Brief: From the first line to the last, print the records exactly, leaving out the pictures.

Dataset items:
········

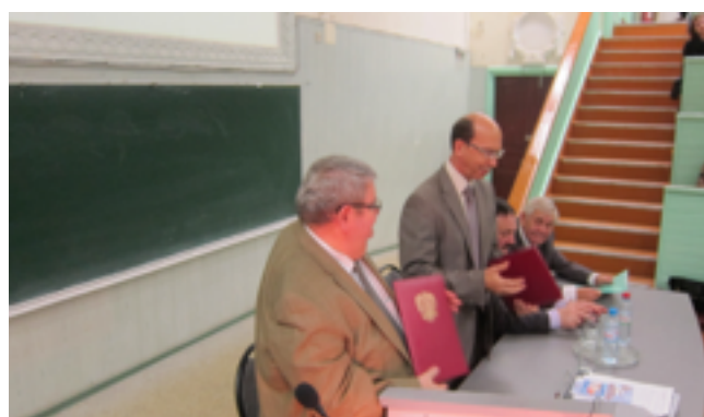
Фото 23, 24. Торжественный обмен экземплярами Договоров о двустороннем сотрудничестве между ВУЗами.
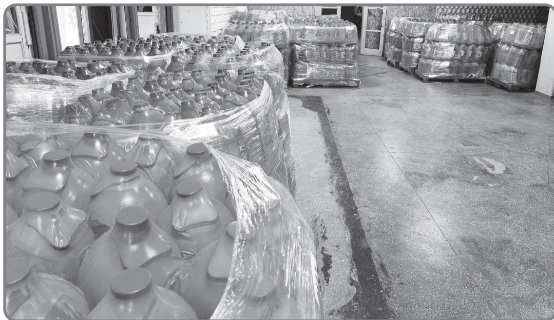
Жителі Новovorонцовки отримали питну воду від міжнародних благодійників.

З підривом Каховської ГЕС загострилася проблема з питною водою на Запоріжжі та Дніпропетровщині.
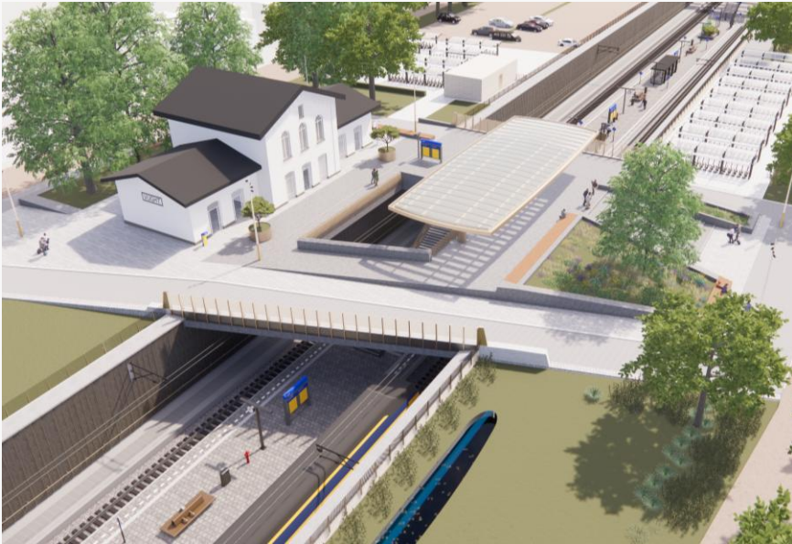
Verdiepte ligging met nieuw station
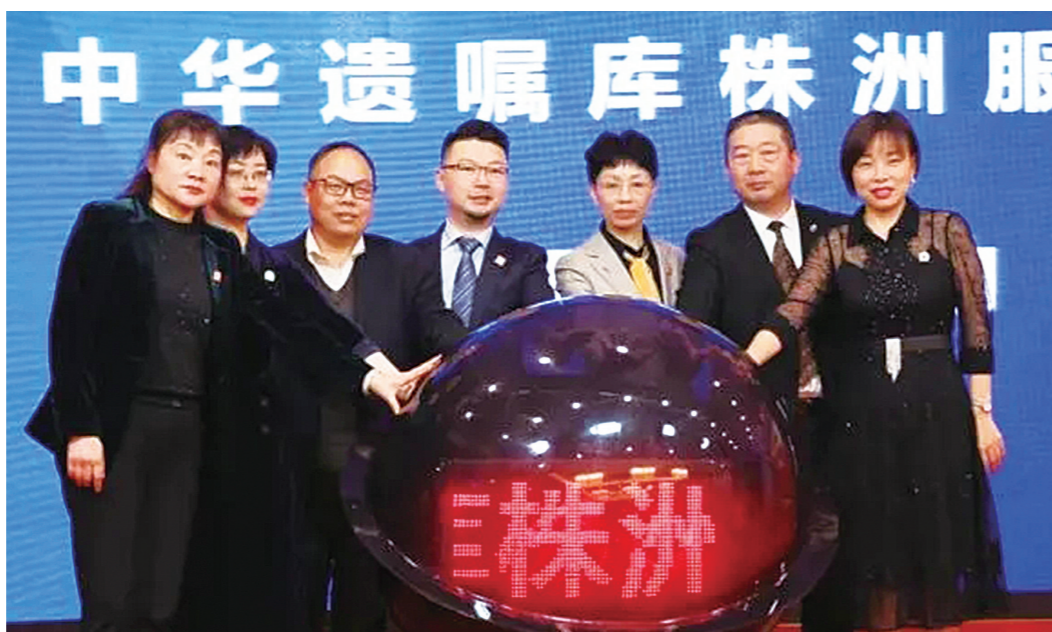
▲中华遗嘱库株洲服务中心成立现场

4月16日,中华遗嘱库株洲服务中心正式挂牌,面向社会提供专业的家族财富保护与传承服务。“遗嘱”被称为生命尽头的规划,遗嘱库在株设点,也让立遗嘱这个充满“悲情色彩”的私人行为引发众多市民关注。
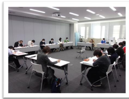
令和3年度 第3回包括ケア部会
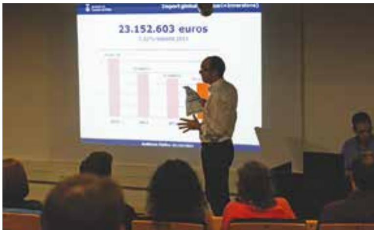
Un moment de la presentació l'any passat dels pressupostos de 2015.

L'Ajuntament realitzarà la sessió el 15 d'octubre a la Sala d'Actes d'El Mirador
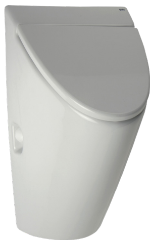
SLP 32 - ARQ С КРЫШКОЙ
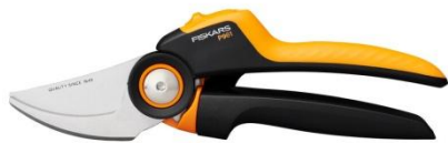
Sekator nożycowy X-series™, L (P961) ok. 125 zł
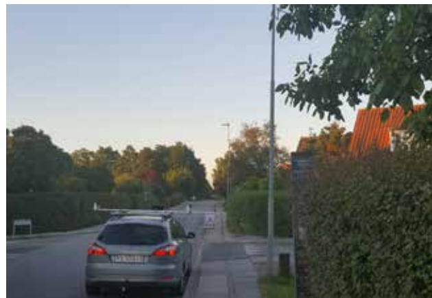
Virksomhedens bil kan foretage kontrolmålinger for hele strækninger med 50 til 100 lamper indenfor kort tid.
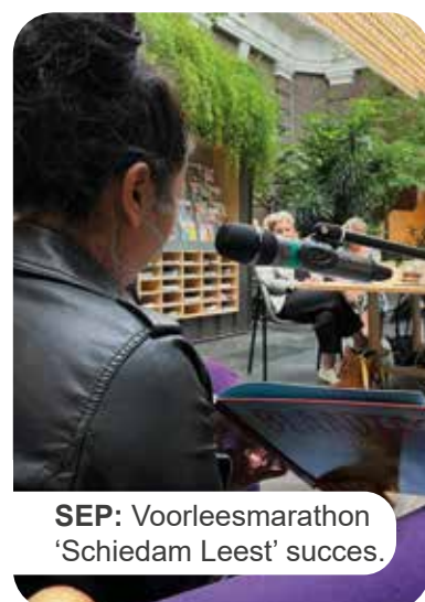
SEP: Voorleesmarathon 'Schiedam Leest' succes.
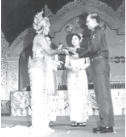
ဒါ့ဒဿမအကြိမ် (၁၂ကြိမ်) မြန်မာရိုးရာယဉ်ကျေးမှု အဆို၊ အက၊ အရေး၊ အတီး ပြိုင်ပွဲကွင်းပရောဇာယကအဖွဲ့ဝင် နိုင်ငံတော်အေးချမ်းသာယာရေးနှင့် ဖွံ့ဖြိုးရေးကောင်စီ အတွင်းရေးမှူး(၁) ဒုတိယဗိုလ်ချုပ်ကြီး သိန်းစိန် ရာမာယဏဓာတ်တော်ကြီးပြိုင်ပွဲတွင် မယ်သီတာထူးရွှန်ဆုရ ရန်ကုန်တိုင်းမှ ခေါ်မြင်ဖြင့်ဝင်(၈)မနိုင်သခင်သီးအား ဆုဖိုးဖြင့်စဉ်။ (သတင်းစဉ်)

ရုပ်သေးသဘင်ပြိုင်ပွဲမှာ ယဉ်ပြိုင်တင်ဆက်ခဲ့တဲ့ မဟော်သဓာဓာတ်တော် ကြီးဟာဆိုင်ရင်လည်း ဗုဒ္ဓမြတ်စွာရဲ့ ပညာပါရမီ ဖြည့်ဆည်းမှုကို ဖော်လျှိုးတဲ့ ဓာတ်တော်ကြီးဖြစ်တဲ့အတွက် မြန်မာလူမျိုးတို့ရဲ့ မှန်ကန်တဲ့ အသိဉာဏ်ပညာ အပေါ် ယုံကြည်အေးထားမှုကို ပေါ်လွင်စေတဲ့ ဓာတ်တော်ကြီးတစ်ခုဖြစ်ပါတယ်။
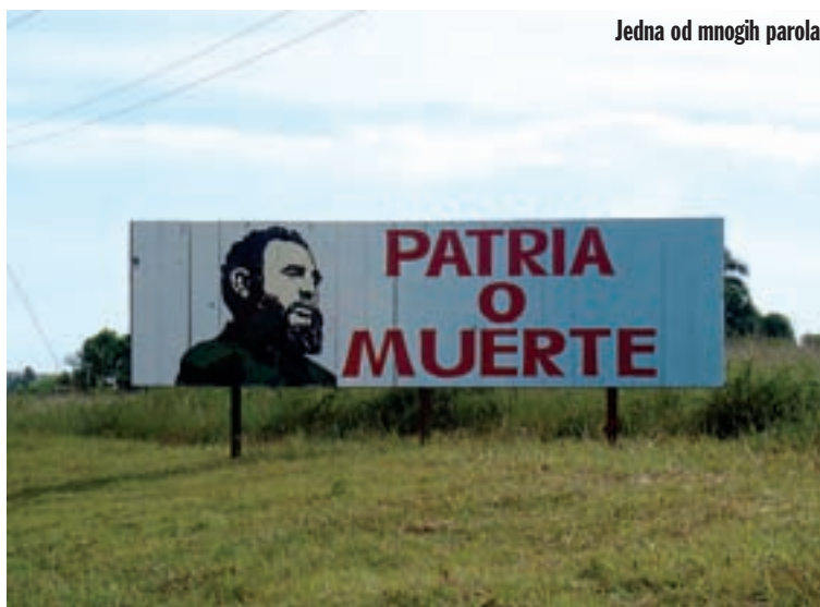
Jedna od mnogih parola

········

Expected answer:
Фото 23, 24. Торжественный обмен экземплярами Договоров о двустороннем сотрудничестве между ВУЗами.
Жителі Новovorонцовки отримали питну воду від міжнародних благодійників.

З підривом Каховської ГЕС загострилася проблема з питною водою на Запоріжжі та Дніпропетровщині.
Verdiepte ligging met nieuw station
▲中华遗嘱库株洲服务中心成立现场

4月16日,中华遗嘱库株洲服务中心正式挂牌,面向社会提供专业的家族财富保护与传承服务。“遗嘱”被称为生命尽头的规划,遗嘱库在株设点,也让立遗嘱这个充满“悲情色彩”的私人行为引发众多市民关注。
令和3年度 第3回包括ケア部会
Un moment de la presentació l'any passat dels pressupostos de 2015.

L'Ajuntament realitzarà la sessió el 15 d'octubre a la Sala d'Actes d'El Mirador
SLP 32 - ARQ С КРЫШКОЙ
Sekator nożycowy X-series™, L (P961) ok. 125 zł
Virksomhedens bil kan foretage kontrolmålinger for hele strækninger med 50 til 100 lamper indenfor kort tid.
SEP: Voorleesmarathon 'Schiedam Leest' succes.
ဒါ့ဒဿမအကြိမ် (၁၂ကြိမ်) မြန်မာရိုးရာယဉ်ကျေးမှု အဆို၊ အက၊ အရေး၊ အတီး ပြိုင်ပွဲကွင်းပရောဇာယကအဖွဲ့ဝင် နိုင်ငံတော်အေးချမ်းသာယာရေးနှင့် ဖွံ့ဖြိုးရေးကောင်စီ အတွင်းရေးမှူး(၁) ဒုတိယဗိုလ်ချုပ်ကြီး သိန်းစိန် ရာမာယဏဓာတ်တော်ကြီးပြိုင်ပွဲတွင် မယ်သီတာထူးရွှန်ဆုရ ရန်ကုန်တိုင်းမှ ခေါ်မြင်ဖြင့်ဝင်(၈)မနိုင်သခင်သီးအား ဆုဖိုးဖြင့်စဉ်။ (သတင်းစဉ်)

ရုပ်သေးသဘင်ပြိုင်ပွဲမှာ ယဉ်ပြိုင်တင်ဆက်ခဲ့တဲ့ မဟော်သဓာဓာတ်တော် ကြီးဟာဆိုင်ရင်လည်း ဗုဒ္ဓမြတ်စွာရဲ့ ပညာပါရမီ ဖြည့်ဆည်းမှုကို ဖော်လျှိုးတဲ့ ဓာတ်တော်ကြီးဖြစ်တဲ့အတွက် မြန်မာလူမျိုးတို့ရဲ့ မှန်ကန်တဲ့ အသိဉာဏ်ပညာ အပေါ် ယုံကြည်အေးထားမှုကို ပေါ်လွင်စေတဲ့ ဓာတ်တော်ကြီးတစ်ခုဖြစ်ပါတယ်။
Jedna od mnogih parola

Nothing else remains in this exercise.